- [DATA EXTRACT]

──────────

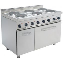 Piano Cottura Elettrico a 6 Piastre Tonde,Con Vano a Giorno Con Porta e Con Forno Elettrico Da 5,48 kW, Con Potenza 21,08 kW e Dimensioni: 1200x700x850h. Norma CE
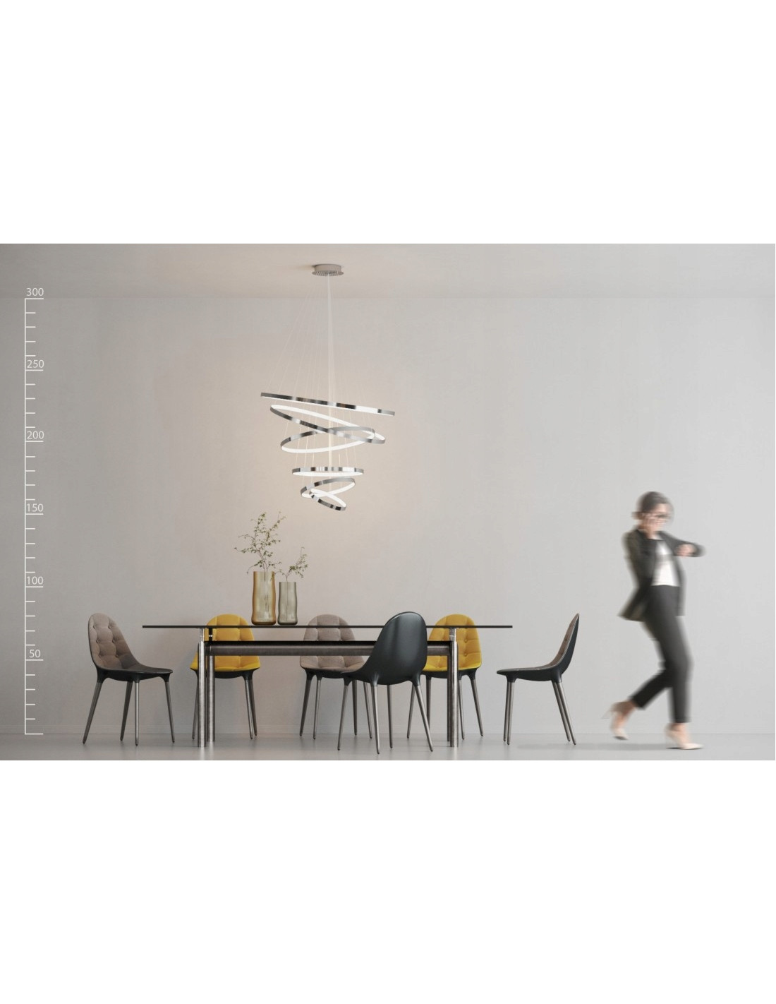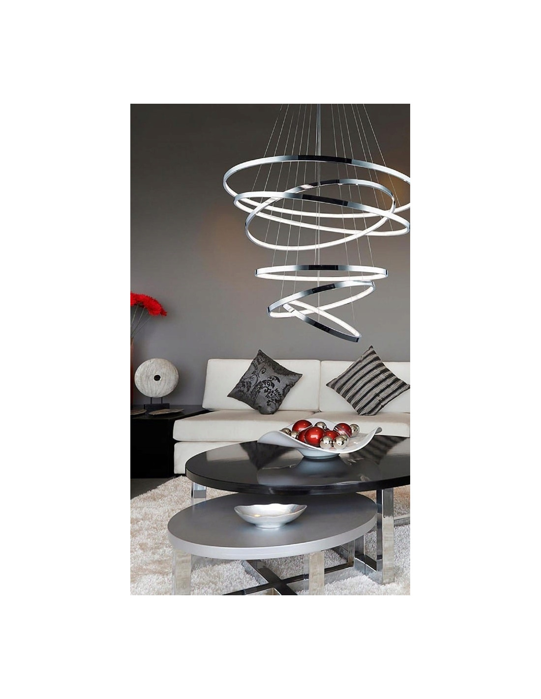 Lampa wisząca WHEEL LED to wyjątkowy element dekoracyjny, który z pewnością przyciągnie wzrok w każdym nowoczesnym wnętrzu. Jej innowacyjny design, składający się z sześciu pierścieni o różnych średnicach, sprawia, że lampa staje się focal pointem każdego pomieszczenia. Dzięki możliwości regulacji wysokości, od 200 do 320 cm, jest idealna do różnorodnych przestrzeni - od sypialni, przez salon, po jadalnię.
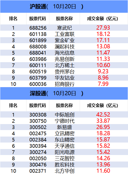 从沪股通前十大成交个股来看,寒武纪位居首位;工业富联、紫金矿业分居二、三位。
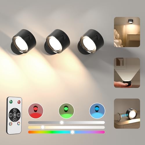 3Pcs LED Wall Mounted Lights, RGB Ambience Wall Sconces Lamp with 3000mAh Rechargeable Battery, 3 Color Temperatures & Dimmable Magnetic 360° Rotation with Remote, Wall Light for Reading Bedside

──────────

- [EXERCISE DIRECTIONS]
Give an exact copy of the listing, without its pictures.

- [THE COMPLETED TASK]
 Piano Cottura Elettrico a 6 Piastre Tonde,Con Vano a Giorno Con Porta e Con Forno Elettrico Da 5,48 kW, Con Potenza 21,08 kW e Dimensioni: 1200x700x850h. Norma CE
 Lampa wisząca WHEEL LED to wyjątkowy element dekoracyjny, który z pewnością przyciągnie wzrok w każdym nowoczesnym wnętrzu. Jej innowacyjny design, składający się z sześciu pierścieni o różnych średnicach, sprawia, że lampa staje się focal pointem każdego pomieszczenia. Dzięki możliwości regulacji wysokości, od 200 do 320 cm, jest idealna do różnorodnych przestrzeni - od sypialni, przez salon, po jadalnię.
 从沪股通前十大成交个股来看,寒武纪位居首位;工业富联、紫金矿业分居二、三位。
 3Pcs LED Wall Mounted Lights, RGB Ambience Wall Sconces Lamp with 3000mAh Rechargeable Battery, 3 Color Temperatures & Dimmable Magnetic 360° Rotation with Remote, Wall Light for Reading Bedside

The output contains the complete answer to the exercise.